Example with traits 3 and 4
traits34<-cbind(row.names(mydata),mydata[,3:4])
trait34_fit_er <-corHMM(phy = tree, data = traits34, rate.cat = 1, rate.mat = trait_model_er$rate.mat)
## State distribution in data:
## States: 1 4
## Counts: 32 32
## Beginning thorough optimization search -- performing 0 random restarts
## Finished. Inferring ancestral states using marginal reconstruction.
trait34_fit_dir <-corHMM(phy = tree, data = traits34, rate.cat = 1, rate.mat = trait_model_dir$rate.mat)

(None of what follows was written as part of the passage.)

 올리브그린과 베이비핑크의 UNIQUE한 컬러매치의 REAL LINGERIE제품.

## State distribution in data:
## States: 1 4
## Counts: 32 32
## Beginning thorough optimization search -- performing 0 random restarts
## Finished. Inferring ancestral states using marginal reconstruction.
trait34_fit_er$loglik
## [1] -85.97839
trait34_fit_dir$loglik
## [1] -75.81068
trait34_fit_er$AIC
## [1] 173.9568
trait34_fit_dir$AIC ##Strong preference for trait34_fit_dir
## [1] 157.6214
Here we see that there is strong support for directional dependent evolution. That is, evolutionary changes in Y from \(0 \rightarrow 1\) depend upon the state of X (here, X must be a ‘1’ for the transition to occur).

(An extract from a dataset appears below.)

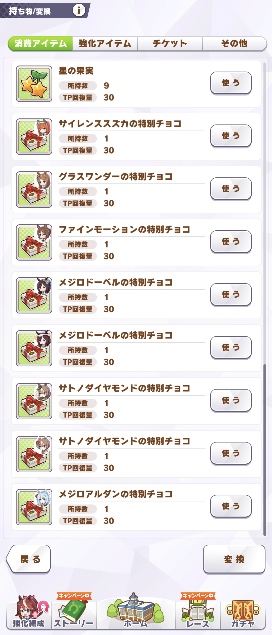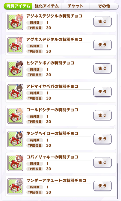 推し5人から6個、あとは次に好きなキングとシチーさんから貰って終了

Porgs of the Star Wars Universe are small sea-dwelling birds that are native to the planet Anch-To. They are a hypercurious species that roosts on cliffs and evolved from seabirds.
Many porg species differ by their presence of webbed feet. These webbed feet help the porgs navigate water better and allow them to hunt many different types of sea creatures. Their land dwelling unwebbed-foot relatives typically have fewer niches to exploit as the terrestrial portions of Anch-To are largely devoid of life. These porgs typically rely on eating bugs in small crevices between rocks. Additionally, some porg species have long proboscis-like beaks while others are entirely beakless. Porgs use their beaks to spear fish or reach food in narrow spaces. The beakless porgs use their lack of beak to fit various crustaceans in their strong mouths, cracking their hard exteriors for sustenance.
Let’s analyze the evolution of beaks and webbed feet in porgs. Specifically, we might be interested in the transition rates between states. Do we see equal rates? Do we see transitions in both directions? Does having webbed feet seem to change the dynamics of transitioning between beaked state and a beakless state?
ARD
model for correlated evolution and an ER
model for ‘independent’ trait evolution.corHMM()
Now try fitting a directional character evolution model. How can we use information about their life strategies to inform a directional model? Would we expect to see webbed porgs to transition to a beakless state at the same rate as unwebbed porgs? Would it seem likely that an unwebbed porg with a beak would transtion to a beakless state?
Which model fits better in each scenario? What are the transition rates of the better fitting models? What would you say about the evolution of the traits?